My son came home and told us that some girl had declared her undying love for him. My son is not bragging either, he is a little overwhelmed by the attention. Especially when said girl wrote all her flowery feelings down in a letter. Apparently there were similes and metaphors involved in the writing and although I did not read it (he crumpled it up and threw it away) some of the things this girl said about my son’s eyes make me really embarrassed for her. It also made me laugh really hard, which also makes me embarrassed for her. My son doesn’t really know her well. Her friend told her she should take more risks and she did. Nice but stupid friend. Unfortunately, this girl and her friends continue to push this girl onto my son at dances and events. My son tries to remain a gentleman while maintaining his distance.

This is not the first incident of this kind of teenage girl love that same month. A few weeks earlier a girl asked (out of the blue) if he would be her boyfriend. This girl is actually a good friend of his but he told me she reminds him of his sister.
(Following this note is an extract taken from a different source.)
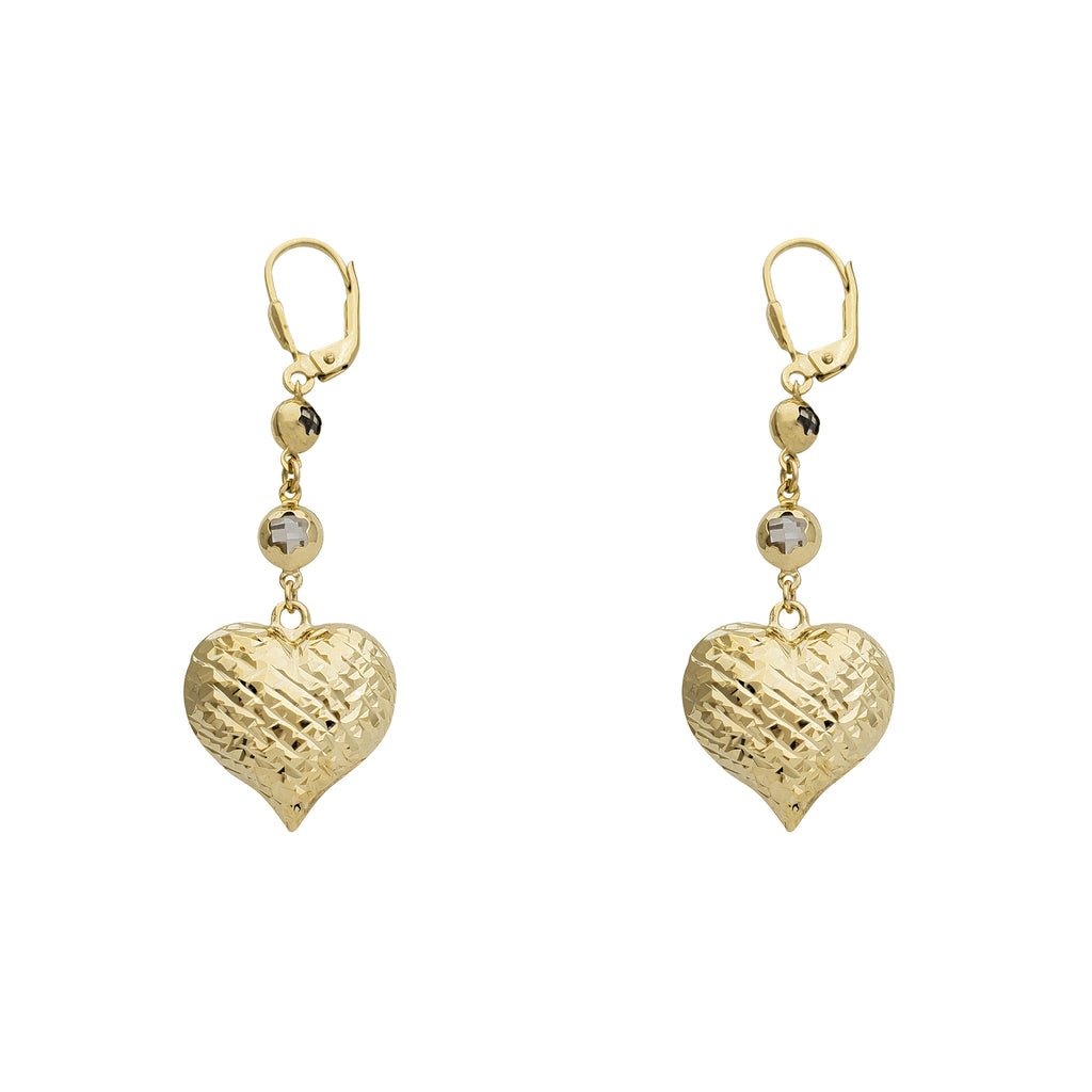 Zirconia Faceted Puffy Heart Hanging Earrings (14K)

Thank heavens he didn’t say that to her.

He politely declined and told her he couldn’t go on dates until he was 16 and that he had a relationship before that turned out bad. I thought he handled it well. He was a little concerned. The girl did not come to school the next day.
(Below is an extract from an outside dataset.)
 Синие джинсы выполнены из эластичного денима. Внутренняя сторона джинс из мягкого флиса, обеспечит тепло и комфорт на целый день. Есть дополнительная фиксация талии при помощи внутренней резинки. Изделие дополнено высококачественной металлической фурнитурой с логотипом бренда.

“She will be fine,” I told him. “At least you didn’t tell her she reminded you of your sister.” (I realize that as a member of the female gender, I should be a little more sensitive for the girl. But I may have been in mama bear mode at the moment)

I have had to tell some of my daughter’s 10 -year -old friends to leave my son alone too. One of them told him she would pay for his movie ticket if he would please just come with my daughter and her friends to the movies. My poor daughter.

And anyway why are all these girls so aggressively going after boys? Do they really think that flowery love notes saying “I will never break your heart” to a 13 year old boy are going to make those boys feel anything but uncomfortable. And 13 year old boys — at least most of them — are uncomfortable when you throw yourselves at them and they have to try and be gentlemen and not hurt your feelings. Because as my son and so many other boys his age know well already, when you hurt a girl’s feelings you also offend her circle of friends and that never turns out pretty.

So here is my plea to young tweens and teens and their parents:

Please young girls restrain your raging hormones. Boys do not want to feel cornered by your undying love when they are 13. They may like you, it’s true. Probably just not quite as much as you think you like them. It is not doing anything for your dignity to behave this way on a regular basis.

Parents, (and this includes me) please don’t laugh this off. Because first of all  there are boys that will take unfair advantage of this behavior. And they are usually responding to a much more physical impulse rather than an emotional one. Secondly, we need to help our daughters understand that just because it is normal on TV shows or in YA romance books that does not mean that deeply intense romantic relationships are really the everyday norm for kids — these young boys may be fun to flirt with or hang out with or talk to but they are unprepared to deal with adult relationship ideals.

Just a sidenote: I realize that girls are not the only ones to blame for giving into their hormonal romantic urges. I just think we are ignoring this trend coming from our daughters and we are writing it off as cute or funny. I realize there are plenty of boys who need to be taught the meaning of appropriate touching and the meaning of the words “hands off.” But that is a topic for another day.